# Hierarchy of snobs



## ZJovicic (Feb 26, 2017)

Who is the biggest snob?

1) indie music snobs - they reach the climax while reading Pitchfork pissing at commercial/mainstream bands.
2) extreme metal snobs - the more extreme, obscure, underground, the better
3) classical rock snobs - respect for old values of sex, drugs, and rock'n'roll, old bands, vinyls, live recordings; worships Mick Jagger
4) "only classical" snobs - listens only to classical music and consideres all else inferior
5) Bach snobs - "Bach is God, rest is garbage"
6) Beethoven snobs - no need to explain it really, Old Good Ludwig Van IS über alles 
7) Wagner snobs - noticeable patterns of unexplained disappearances and disengagement from the world, lasting up to 15 hours
8) Mahler snobs - their biggest disappointment in life is that Mahler didn't write A Symphony of a Billion, or at least a million.
9) Haydn snobs - takes pride in knowing all 104+3 symphonies by heart
10) Liszt snobs - seeks transcendence through transcedental etudes... Lisztomania running rampant
11) Milton Babbitt snobs - listens, even though their deity doesn't care if they do 
12) Contemporary music snobs - Give me NEW, give me FRESH, I live in the PRESENT and look into the FUTURE
13) Early music snobs - Their favorite piece of music is Hurrian Hymn to Nikkal (h.6)
14) Transcendental snobs - they seek enlightenment through minimalism, Arvo Pärt, Sofia Gubaidulina, and new age music - their music is celestial, everything else is Earth bound


----------



## Pat Fairlea (Dec 9, 2015)

15) All of the above?


----------



## Manxfeeder (Oct 19, 2010)

What about 5'33" snobs?
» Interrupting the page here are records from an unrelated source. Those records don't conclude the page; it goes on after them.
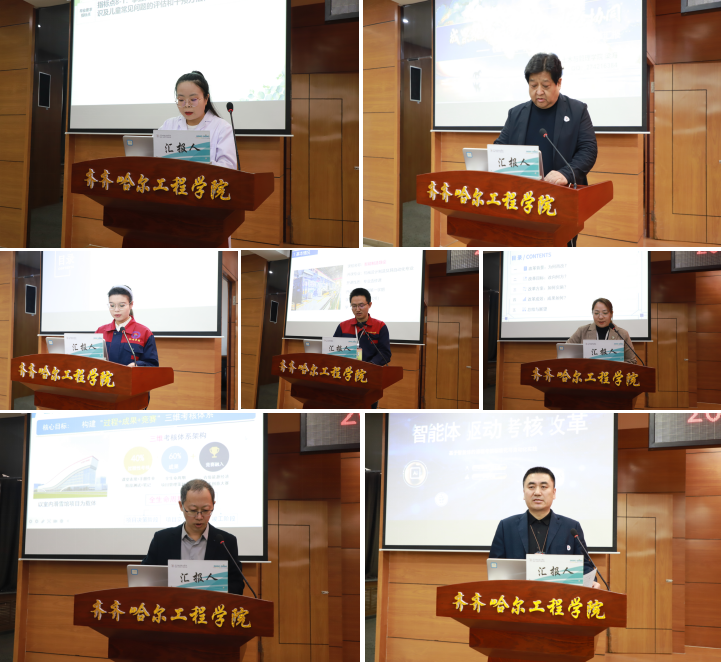 在汇报环节,7位案例负责人按照会前抽签顺序依次登台,围绕“四真三化(FT)”课程建设模式,聚焦“以考核促‘四真’、促项目化教学”核心目标,通过精彩的PPT演示和生动的讲解,分享了各自在课程考核评价改革中的创新举措、实施过程、成效数据以及反思与展望。案例内容涵盖锚定成果达成、验证成果质量、保障成果落地等多个方面,充分展现了我校教师在考核评价改革上的深入思考与扎实实践。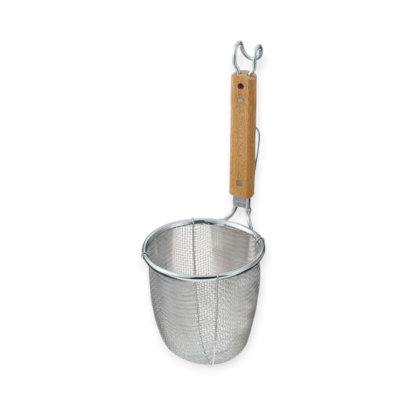 激しい湯切りに!!湯切りによる変形、破損で困っている麺職人の要望に応えたラーメン専用てぼ。太線でパワーアップ!パワーてぼ。材質:[網]18-8ステンレス、[柄]天然木品番:041119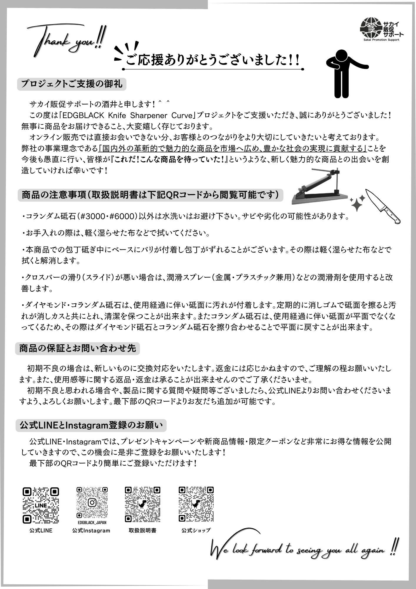 2025/07/09 17:31【EDGBLACK Knife Sharpener Curveプロジェクトご支援者の皆さまへ】お世話になっております!サカイ販促サポートの酒井です^^EDGBLACK Knife Sharpener Curveの応援購入いただいたサポーターの皆さま、大変お待たせいたしました!前回の活動報告にて発送が後ろにずれ込む可能性がある旨ご連絡差し上げておりましたが、本日全ての梱包が終了し全てのサポーターの皆様へ商品発送が完了いたしました!配送業者は佐川急便となります。早い方は明日より、順次皆様のお手元に届きますので暫くお待ちいただけますと幸いです^^地域によっては届くまでにお時間がかかってしまう可能性もございますのでご了承ください。何かご不明点やお困りの点がありましたら、お気軽に弊社公式LINEまでご連絡くださいませ!商品が届いてから、上手く包丁が砥げない、そもそもの組み立てが上手くいかない、ということなど何でもご相談ください。■公式LINE: https://lin.ee/ftmWdoR取扱説明書に関しまして、皆さまがネットから簡単にご確認いただけるように、またQ&Aなど新たな情報があったら直ぐに更新が出来るように、ダウンロード用の取扱説明書をご用意させていただきました!印刷してご利用いただくことも可能です!勿論、簡単ではございますが商品にも取扱説明書は同梱しておりますので、ご安心くださいませ。↓URLは以下の通りです。https://drive.google.com/file/d/1_PbRtd-NLwWr18J96NJeEDkAPYohICtm/view?usp=sharing最後になりますが、皆さまの手元に「EDGBLACK Knife Sharpener Curve」が無事に届き、愛用の包丁やナイフを砥ぎあげ、鋭くなった切れ味を料理や趣味の中で体感している姿を想像すると、非常に胸が熱くなる想いでございます...!!是非、知人やSNSなどで未だ本商品を知らない方へこんなに良い包丁研ぎがあるんだということを是非お知らせいただけますと幸いです^^これからも『国内外の革新的で魅力的な商品を市場へ広め、豊かな社会の実現に貢献する』という事業理念のもと、益々尽力してまいります!今後とも温かいご支援とご愛顧を賜れますよう、心よりお願い申し上げます^^ もっと見る【ご報告とお願い】リターン生産・配送状況とお届け先住所確定について

They have nothing to say, and the fact that they say it is art.


----------



## SixFootScowl (Oct 17, 2011)

Beethoven Snobs are on the list. What about Mozart Snobs?


----------



## SixFootScowl (Oct 17, 2011)

There are no Wagner Snobs, just Wagner Addicts.


----------



## Klassik (Mar 14, 2017)

ZJovicic said:


> 6) Beethoven snobs - no need to explain it really, Old Good Ludwig Van IS über alles


Some Beethoven snobs, who are also Haydn, Liszt, and Neil Diamond snobs, will appriciate your use of a diacritic in the description of a Beethoven snob. 
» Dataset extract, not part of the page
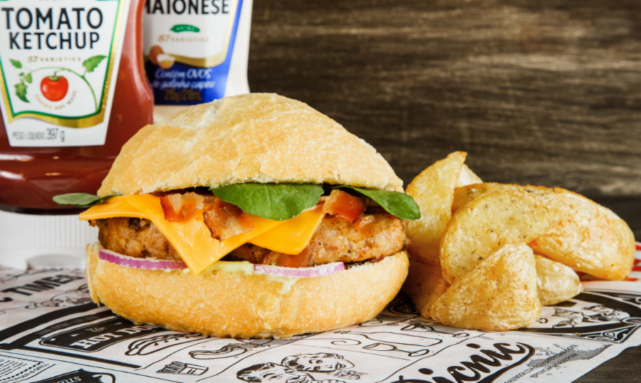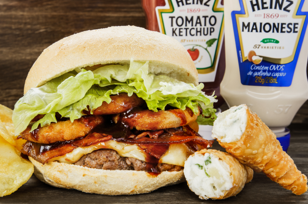 No Charles Burguer, o hamburguer é Charles Sweet Bacon, o pão de cervejinha, hambúrguer de contra filé, queijo emmental, bacon crocante caramelizado, molho chipotle, alface americana, tomate, cebola roxa e batata chips.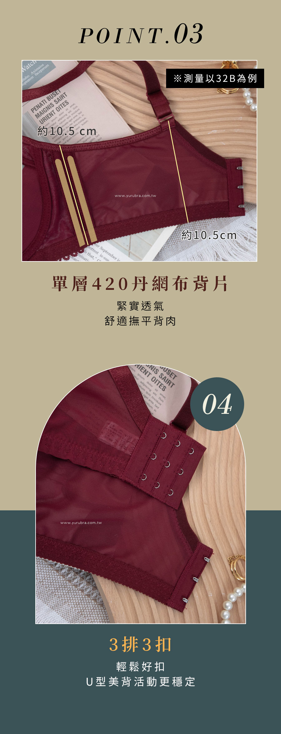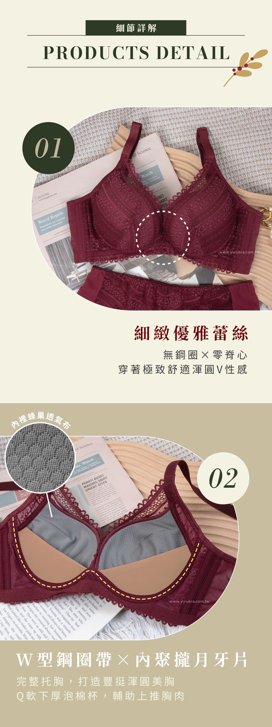★一根一線,如藝術般編織的小花蕾絲,典雅可愛 ★W型無鋼圈帶,舒適托胸 ★杯裡內聚攏月牙片,強力上托並拉近胸距,塑造渾圓胸型 ★零脊心×無鋼圈,極緻舒適不易壓迫 ★內裡布料含石墨烯,舒適透氣 ★無鋼圈布條,親膚柔軟,胸骨凸、雞胸、胃凸的女孩都適合! ★腋下雙膠條,穩定腋下肉肉 ★U型背片,舒適包覆背部 ★台灣製造,品質保證

> 7) Wagner snobs - noticeable patterns of unexplained disappearances and disengagement from the world, lasting up to 15 hours


15 hours? Usually Wagner fans are banned from TC for longer periods than that, yes? :lol:


----------



## Larkenfield (Jun 5, 2017)

The ‘hier” one goes the more exclusive the club. :scold:


----------



## hpowders (Dec 23, 2013)

Snob? I can put them all to shame.


----------



## hpowders (Dec 23, 2013)

You haven't lived until you've been labeled an "elitist snob" on a BMW forum, which I was.

Felt sooooo good!!! :lol:


----------



## hpowders (Dec 23, 2013)

How can anyone profess to be a "Haydn snob"? His music was so "anti-snotty".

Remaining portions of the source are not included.